We expect to “lie” in fiction, but this applies to non-fiction, too. No matter how desirous we are to “tell the truth” (whatever that is) and stick to “facts,” we still select and manipulate, even with the best of intentions. When we don’t have the best of intentions, what then?

When I think about the narratives of history, which is a form of story-telling (fiction or non), they carry the same slant. Even news reporting, which is sound and vision “bites” on TV, YouTube, and other news sources. Longer pieces, such as articles in the Guardian or a documentary, are, of necessity, selections and manipulations. As a reader, I select and manipulate, too, remembering only pieces of what I absorbed.

I try to counteract this by seeking information from sources from many countries. I recall the 2011 tsunami in Japan, that wall of water engulfing a whole town and the Fukushima nuclear disaster that resulted. Luckily, I receive newscasts on PBS that include one from Japan. I watched that news show to complement what I heard and viewed on PBS NewsHour.

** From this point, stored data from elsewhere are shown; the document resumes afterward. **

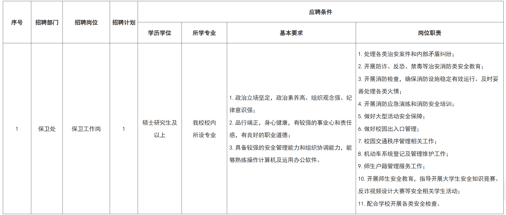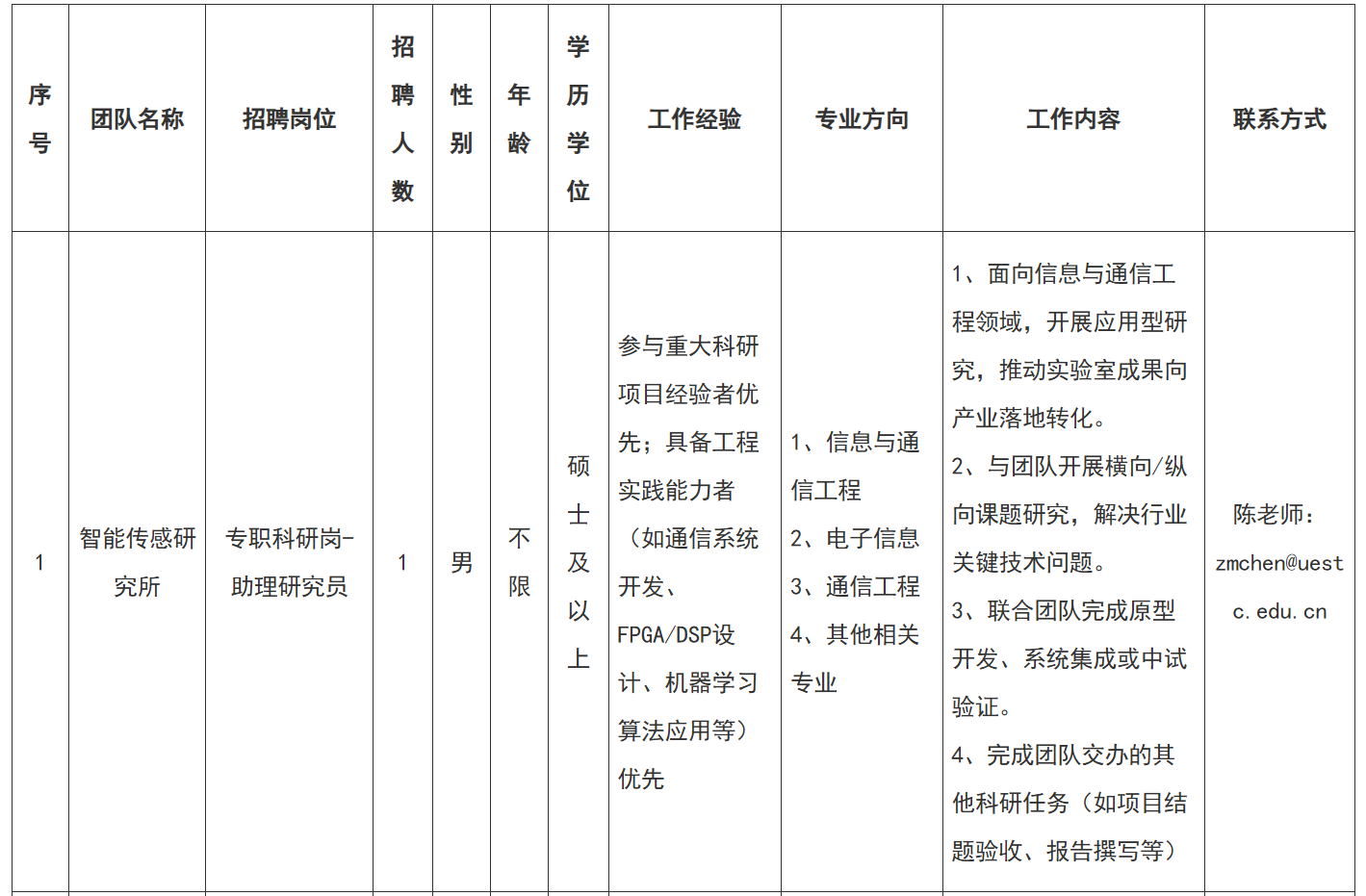 (一)招聘人数:1人
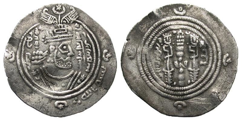 Lot 12-177. Arab-Sasanian. 'Ubayd Allah b. Ziyad. 54-64/673-683. AR drachm. Sijistan, AH 56.
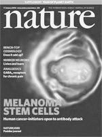 癌症干细胞已经从若干人类肿瘤中被分离了出来。最新发现的是人类恶性黑素瘤引发细胞的一个亚组,科学家根据它们对化学抵抗力调节因子ABCB5的表达将其识别出来。ABCB5+亚组的大小与黑素瘤患者临床病情发展相关,初步证据还表明,这些黑素瘤干细胞可以用针对ABCB5的抗体将其作为特异性目标。这为黑素瘤提供了一个潜在的治疗策略,而且对这种类型细胞进行研究还有可能回答癌症生物学中的重要问题。本期封面所示混合型黑素瘤细胞(电脑增强的荧光显微镜图像合成图)是在页码:[1] [2] [3] [4] [5] [6] 第1页、共6页 |
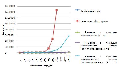 Сравним эффективность решения задачи коммивояжера с помощью генетического алгоритма с эффективными методами решения на одинаковых наборах данных. Для решения задачи коммивояжера с помощью минимального остова без(с) оптимизацией была использована программа, написанная на С++. В качестве алгоритма построения минимального остова был использован алгоритм Прима. Далее к решению, полученному с помощью минимального остова, применялась оптимизация: для участка пути длинной
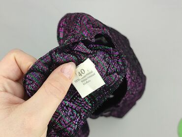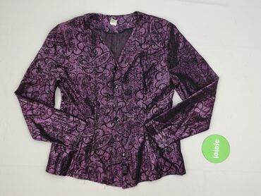 Fioletowa damska marynarka z eleganckim wzorem paisley. Posiada podszewkę, co zwiększa komfort noszenia. Idealna do stylizacji na różne okazje, od formalnych po bardziej casualowe. Wykonana z wysok...Stan:
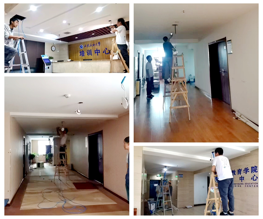 为保障工程进度与质量,学院安排专人全程跟踪协调,加班加点推进项目实施,确保项目按计划完成。本次改造范围覆盖培训中心南楼、北楼及明德楼,在出入口、前台、办公区、教学区、客房区、健身房、电梯、锅炉房等重点公共区域部署了高清网络摄像头,实现公共区域全覆盖、无死角。
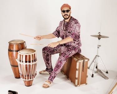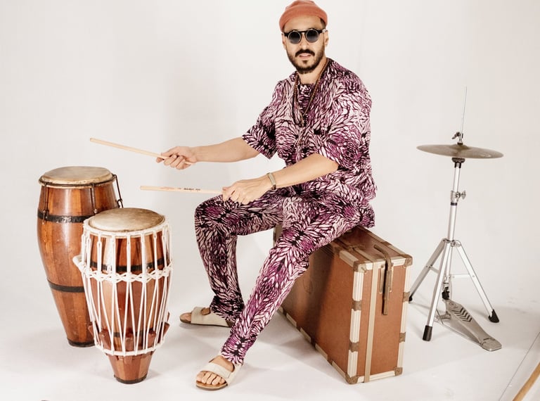 In this project, Thiago Trad performs with two other instrumentalists from the city where the performance takes place. The concept is for each show to be a unique encounter, bringing originality to the performances, connecting musicians and the audience in a shared vibration. The sound universe created by the beats crafted by Thiago Trad results in organic music that ranges from jazz to rock, with an experimental, visceral, and authentic approach. The musician brings to his repertoire beats rooted in Afro-Brazilian culture, connected with universal music. Ijexá, Cabila, Vassi, samba de roda, baião, and frevo are some of the rhythms that guide the music, which is created in real-time from the encounter between the musicians on stage.
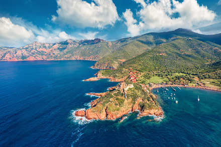 En approchant par la mer, on longe une côte fascinante, sculptée par les éléments. Roches rouges, criques secrètes, surplombs vertigineux : chaque mille est un tableau mouvant. Puis l’on devine les contours de la baie, sa plage principale, ses quelques maisons au toit de tuile, et le fortin génois qui domine le tout, vestige du XVIe siècle.
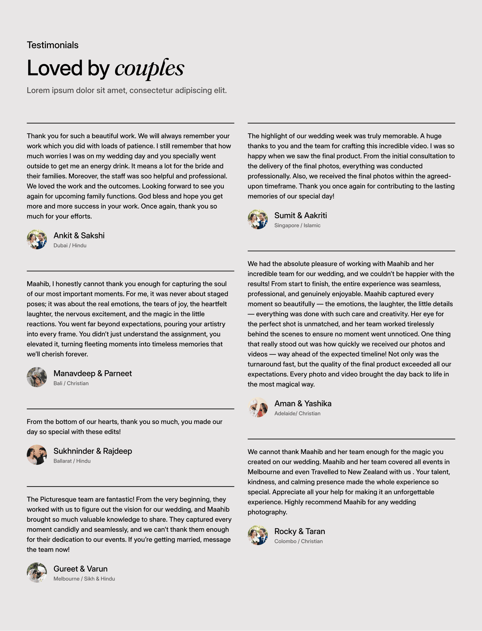 We specialise in working with wedding and event vendors who rely on referrals and reputation, and want a website that reflects the quality of their work. We understand the South Asian wedding market — the pace, the expectations, and the importance of presentation.
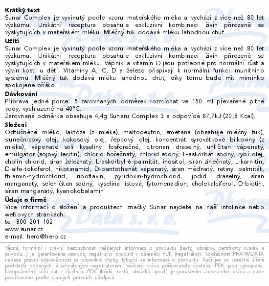 Sunar Complex je vyvinutý podle vzoru mateřského mléka a vychází z více než 80 let výzkumu. Unikátní receptura obsahuje exkluzivní kombinaci živin přirozeně se vyskytujících v mateřském mléku. Mléčný tuk dodává mléku lahodnou chuť.
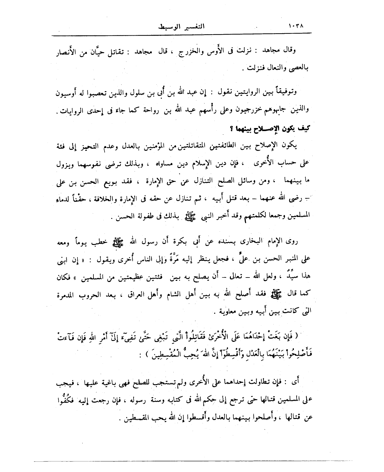 (فَإِنْ بَغَتْ إِحْدَاهُمَا عَلَى الْأُخْرَى فَقَاتِلُوا الَّتِي تَبْغِي حَتَّى تَفِيءَ إِلَى أَمْرِ اللهِ فَإِنْ فَاءَتْ فَأَصْلِحُوا بَيْنَهُمَا بِالْعَدْلِ وَأَقْسِطُوا إِنَّ اللهَ يُحِبُّ الْمُقْسِطِينَ):
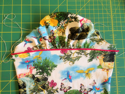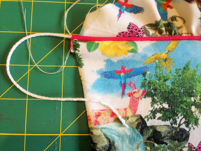 2. Next, using your zipper foot and a long straight stitch sew a row of stay stitching along the edge of the piping. If you wish you can sew this in a contrasting thread to make it easier to see if you wish to remove it at the end.
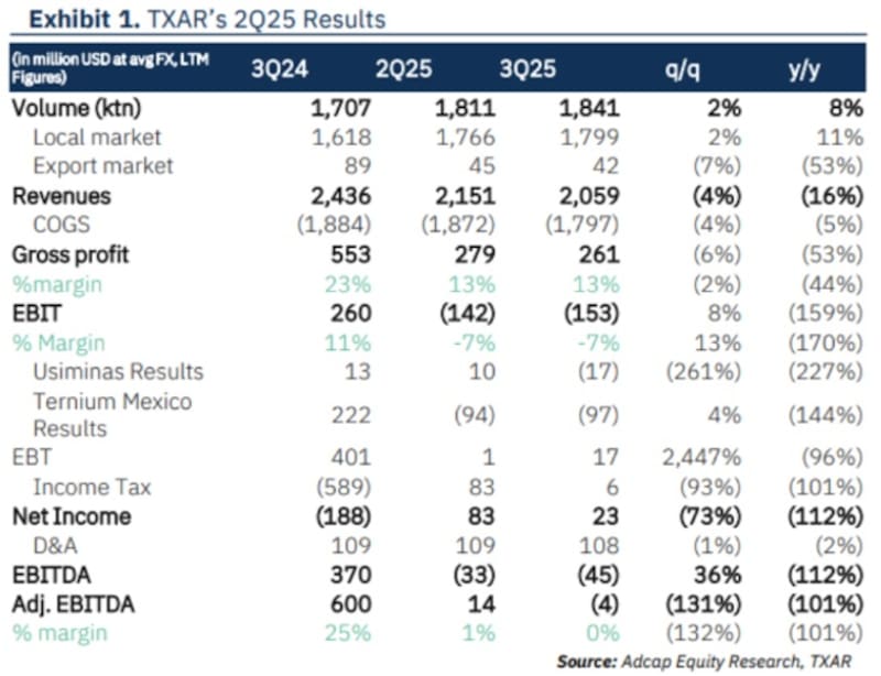 "Prevemos una recuperación hacia adelante y durante 2026, impulsada por la normalización de los niveles de producción, una demanda interna estable y precios regionales del acero bajos pero sostenidos", dijo Matías Cattaruzzi, analista de renta variable de Adcap Grup Financiero.

The stories were different, the sense of danger and damage differently presented.

I am sadly monolingual. I learned Latin and Ancient Greek in school (not in the U.S.), but French was the only “modern” language and it was presented in the same way as Latin and Greek. We learned grammar and we translated from French to English and English to French. We didn’t speak it. As a result, I read French pretty well, but my speaking French is poor. I have no other languages.

So my ability to connect with news in other languages is essentially non-existent, but has been helped by translations. I regularly watch PBS NewsHour and BBC World News (not the World News America version–the British version) on TV. I watch CBC News on the Internet fairly regularly (again, the English language version). When big news events happen, like Fukushima, I try to watch news from the country of origin. But I’m still unable to eradicate bias and I don’t always know where that bias lies.

Lately, with Ukraine, the news horrifies. That part is real. But I found a story the other day that spoke about how Russians have forced some Eastern Ukrainians to move into Russia and put them in camps, and how, if past history of similar events is correct, they may be tortured, starved, and/or killed. Then there’s the story about a Russian soldier who raped a young Ukrainian woman in front of her four-year-old son. And there are concerns that the predators are moving in to the neighboring countries where Ukrainians have fled to lure men with possibilities of jobs and women into the sex trade.

These stories are less common than stories about the latest bombings and battles. Selection and manipulation. Is this on purpose because the human stories are too hard to hear? Is this unintended bias because the battles are “more interesting” or will garner “more viewers”? Who knows?

And worst of all is intentional bias, the most blatant form being Putin’s “special operation” and the purposeful deception of millions of Russians. That’s a horror that will affect the events of today and tomorrow and change the course of history altogether.